Commencez par cultiver la souche K-10 de mycobacterium paratuberculosis dans des flacons T25 contenant un milieu enrichi pendant deux semaines à 37 degrés Celsius. Évaluer régulièrement la croissance de la colonie au moyen d’une inspection visuelle. Cultivez 200 millilitres de la culture d’enrichissement dans un erlenmeyer de 500 millilitres dans un incubateur à agitation pendant une semaine.

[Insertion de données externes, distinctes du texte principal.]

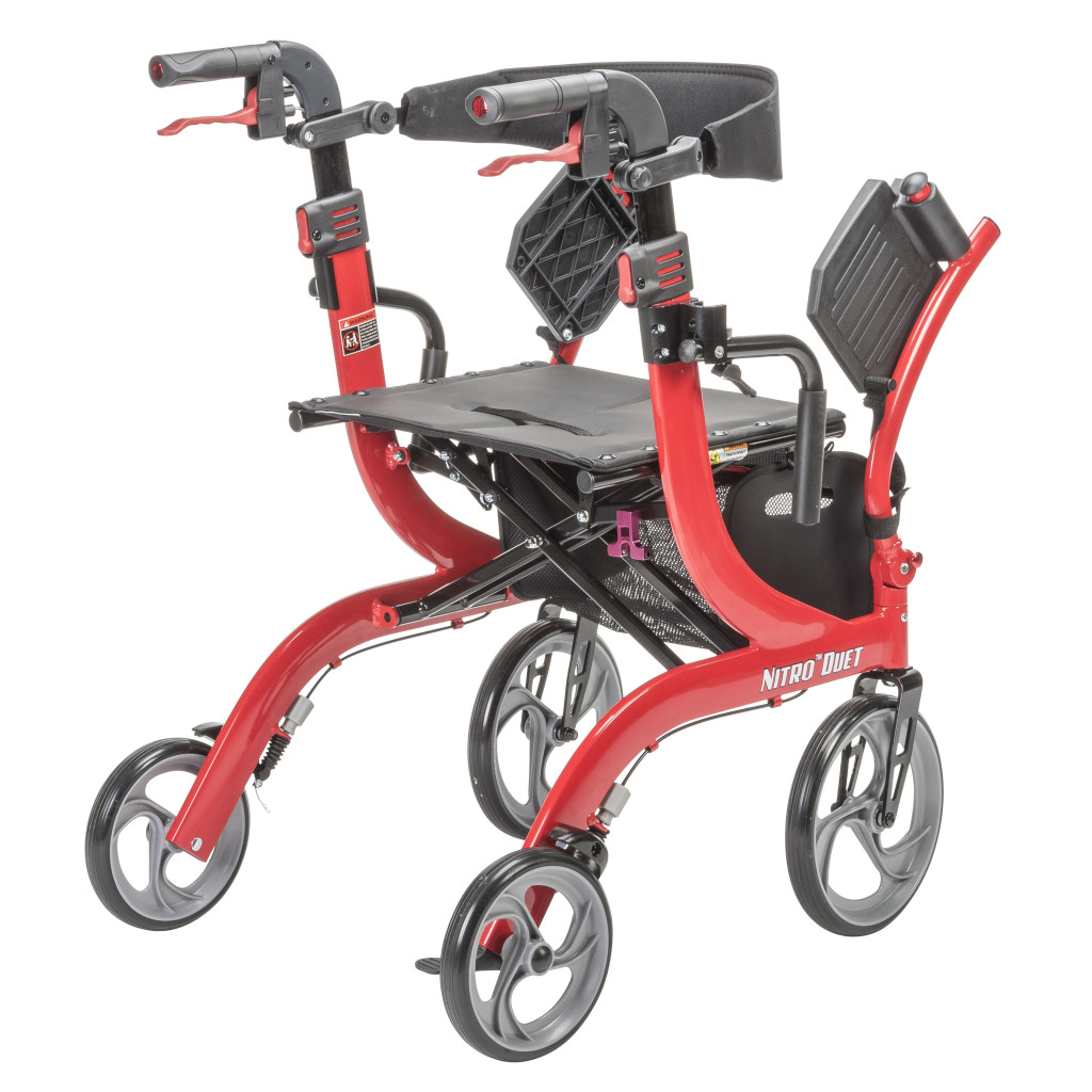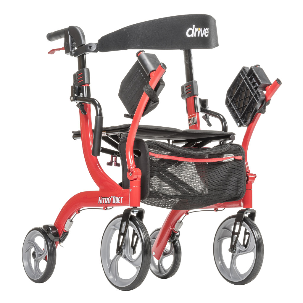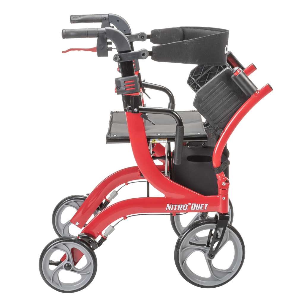 - The tool-free two-position contoured backrest is reversible depending on whether you are using the Nitro Duet as a rollator or transport chair

Placez les suspensions bactériennes à 70 degrés Celsius pendant cinq à 10 minutes pour les inactiver et centrifugez-les à 3000G pendant 10 minutes. Lavez les granulés dans 20 millilitres de PBS deux fois et centrifugez la suspension. Transférer la pastille dans un récipient stérile et la congeler avec de l’azote liquide.
Transférer immédiatement la pastille congelée dans une chambre de lyophilisation. Après lyophilisation, transférez-le sur un banc de nettoyage biologique. À l’aide d’une spatule en acier inoxydable, délogez les morceaux de MAP séchés adhérant aux parois internes du récipient et pulvérisez-les en une poudre fine.
Pesez les cellules pulvérisées et placez-les manuellement dans un flacon aseptique de 10 millilitres.